6 min readJan 31, 2020

In this post we describe how a very simple training strategy —data augmentation with Gaussian noise — can lead to surprisingly high robustness against common image corruptions. This result contrasts with previous work that claimed little to no generalization effect from Gaussian noise to other corruptions. We show, however, that generalization crucially relies on a well-tuned variance of the Gaussian noise. Choosing the variance too small or too large can break generalization and explains the negative results of previous work. We further explore an adversarially trained noise-model in order to increase robustness against common image corruptions even further. See our preprint for all results.

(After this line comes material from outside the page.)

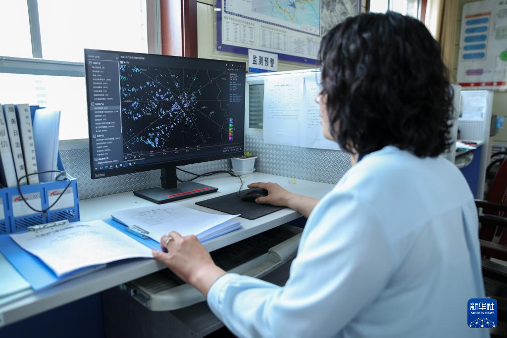 5月22日,在环县气象局,高级工程师李巧霞通过查看雷达回波科学研判天气演变情况。

A neural network predicts the wrong class when snow is added to a query image. We humans can still clearly recognize the snow leopard. The snow corruption was generated with the Python package imagecorruptions.

Deep Learning is a tremendous success story: there are breakthroughs of Deep Neural Networks in Computer Vision, Speech Recognition, and even playing complex games such as Go and Dota2. While neural networks seem to be able to surpass humans in some tasks, they still struggle when the data distribution changes between training and testing. For example, if the training dataset does not contain images with snow, the network will not have learned how to deal with it and might mistake a snow leopard for an alligator. In the real world, this is the reason why autonomous cars still can’t deal with bad weather. This lack of generalization beyond the conditions met during training is a huge issue since training data sets are limited in size and variety.

On the success of data augmentation with Gaussian noise

Facing the complex problem of model robustness towards image corruptions, we are interested to see how far we can get with the possibly simplest baseline: data augmentation with additive Gaussian noise. We use the recently published Common Corruptions benchmark (ImageNet-C)[2] for evaluation. The benchmark contains 15 different image corruptions with 5 severity levels each; the corruptions are organized in the categories: Noise, Blur, Weather and Digital. There is also a small holdout set with one corruption per category. We find that carefully scaled Gaussian noise works surprisingly well to increase the robustness of a ResNet50 architecture, the workhorse of Deep Learning. Gaussian noise has two parameters: the mean μ and the standard deviation σ. We set μ=0 and treat σ as a hyper-parameter. We observe that for a good choice of σ, data augmentation with Gaussian noise not only increases the robustness on the corruptions of the Noise category of ImageNet-C strongly, but that it also generalizes to the other three categories. One can also tune σ on the holdout corruptions and finds the same optimal value.

Training the classifier on data augmented with additive Gaussian noise can strongly increase the accuracy on ImageNet-C even without the Noise corruptions if the standard deviation σ is chosen well.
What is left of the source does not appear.